Off I went, driving the big county van down the canyon.  Sitting high, and driving a county vehicle, I had to be much more careful than my usual drive down the canyon.  I actually ended up driving the speed limit, and being mindful of a controlled navigation of the many curves between Nederland and Boulder.

Still, I arrived at the bottom well ahead of my friend who drove directly behind me.  Of course, being from Fort Collins, her experience driving canyon roads was far less than mine.

“Well, you really left me in the dust!” she teased me.

“I didn’t even think I was going that fast.  But then again, I could pretty much drive that road in my sleep!
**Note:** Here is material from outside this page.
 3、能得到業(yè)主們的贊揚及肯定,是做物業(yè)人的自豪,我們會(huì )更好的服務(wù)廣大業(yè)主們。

As it was, I couldn’t even come close to driving Nederland Commuter Speed.”

Nederland Commuter Speed.  In Boulder Canyon, there is the posted speed limit, there is “Turtle speed” and there is Nederland Commuter Speed.
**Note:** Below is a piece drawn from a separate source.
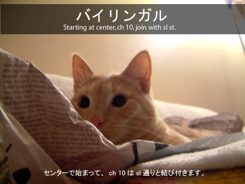 ええ、私はクロッシェターですから、英語のでもしますよ。 ・・・・・・・・・・・・・・・・・・ ・・・・・・・・・・・・・・・・・・。 そうなんですよ、英語の解説が読めない自分にショックでね。レース編みの自信すらなくなってしまったくらいです。数日間集中トレーニング開始。初めは英語を日本語に翻訳したものなどで勉強してましたが、これがまた非常にややこしい。開き直りで英語をそのまま飲み込むことにしました。声をだして読んだりもしました。気付きました。英語版、私の普段使ってるような言葉やった・・・・・・><; 英語のレース編みの解説はブロークンイングリッシュ。 ルー大柴の英語がわかる貴方ならできます。 みんなで、クロッシェー、ジョインしようよ、みたいな。 例文①:Starting at center, ch 10, join with *sl st. 翻訳:センターで始まって、ch 10はsl通りと結び付きます。 私的:スターティング@センターで、Ch10、そしてSl stでジョイン。 *Sl St=Sl通り。それってばもおレースの目は道です! 例文②:Make sc in next 15 sc, ch 4, in ch-2 of shell make (2 dc, ch 2) 3 times and 2 dc. Ch 4, skip 1 sc. Repeat from * around; join. 翻訳:*シェルのch-2で、次の15のsc(ch 4)のscを3つの時間と2つのdcを作らせ(2つのdc、ch 2)てください。Ch 4は、1つのscをスキップします。繰り返しますまわりで*;出会ってください。 *この出会ってください、がめっちゃ好き。はい出会います、みたいな。 私的:次の15scにMake sc 、んでCh4。シェルのCh2に2dcとCh2.それを3回、そして2dc。 Ch4んで、スキップ1sc。それを繰り返す。そして出合ってください、みたいな。 英語ヴァージョン・フリーパターン、一枚(初作品)完成。 英語のん、おもろい。Cracking Code. 2010.07.24 Sat 16:28:07

For those of us living in our tiny mountain community, we will drive Boulder Canyon hundreds of times over the course of the year.  There are even days I have driven three round trips in the span of a single day.
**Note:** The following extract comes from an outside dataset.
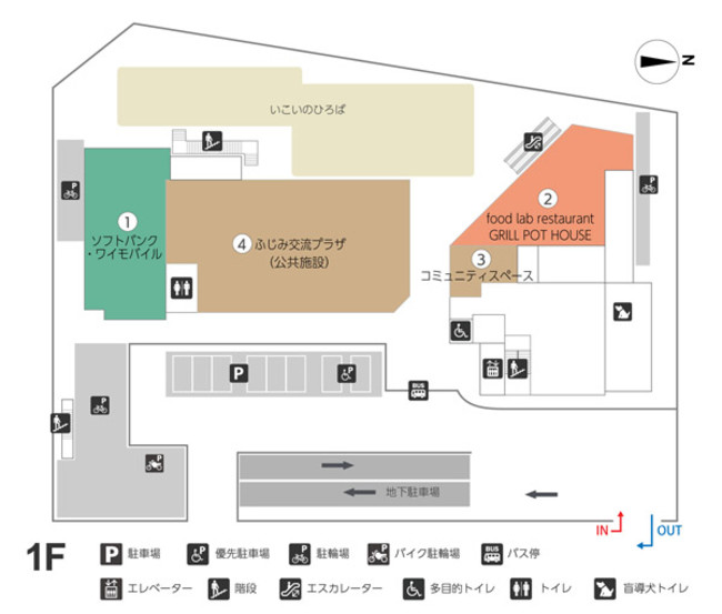 地下 1 階、地上 3 階建ての施設には、公共施設「ふじみ交流プラザ」やレストラン、回転寿司、家電量販店、内科クリニックなどがそろうほか、各階には地域の方々が気軽に集える広場を設け、多世代が交流できる設計になっています。また、誰もが使いやすいアクセシブルデザインを取り入れた計画や、多摩産材を活用した木のぬくもりが感じられるしつらえも特徴です。

I know where every curve is, where every passing zone is, where the one and only turnout is going uphill, and how long it will take me to arrive at my door when I pass Boulder Falls.  I usually average around 50 miles per hour, but even at that rate of speed, I still have other commuters hot on my tail, who drive 55-60 miles per hour.

“Turtle speed” is anything that is below the speed limit, and super slow turtle is those driving 10 miles per hour less than the speed limit.  But who can blame them, on an an unfamiliar road with soaring granite walls to look at?

Mountain commutes on windy, curvy roads are not stranger to me.  I spent three summers at Sequoia National Park, where I would drive once a week almost two hours each way to the town of Fresno to stock up on groceries and splurge on a meal out.  Oftentimes, I drove back up to the park in total darkness.  What scared me the most was not other drivers, but the wildlife.  Fearing I would hit a deer that would jump out of me kept me alert and focused most of the way.

Then I spent 43 miles of driving the Peak to Peak Highway each way from Estes Park to Nederland for four summers, and one long and cold winter.  It’s the only time that my NPS job ever got me a special perk, getting me out of a ticket.  One night, feeling particularly tired, I got going a bit too fast on a straightaway and got pulled over the local county sheriff’s deputy.  Seeing I was a National Park Ranger, he allowed me to get off with solely a strict warning, instead of a costly ticket.

The thing that sometimes scares me the most about becoming so familiar with driving Boulder Canyon is that familiarity leading to a lack of presence, of being in the moment.  I’m embarrassed to admit, there are actually days I leave Boulder, and arrive home without remembering one second of the drive.

Maybe it’s good to get behind those “turtles” sometimes — they remind me to see the beauty of Boulder Canyon through a tourist’s eyes and remember what a beautiful place I live in.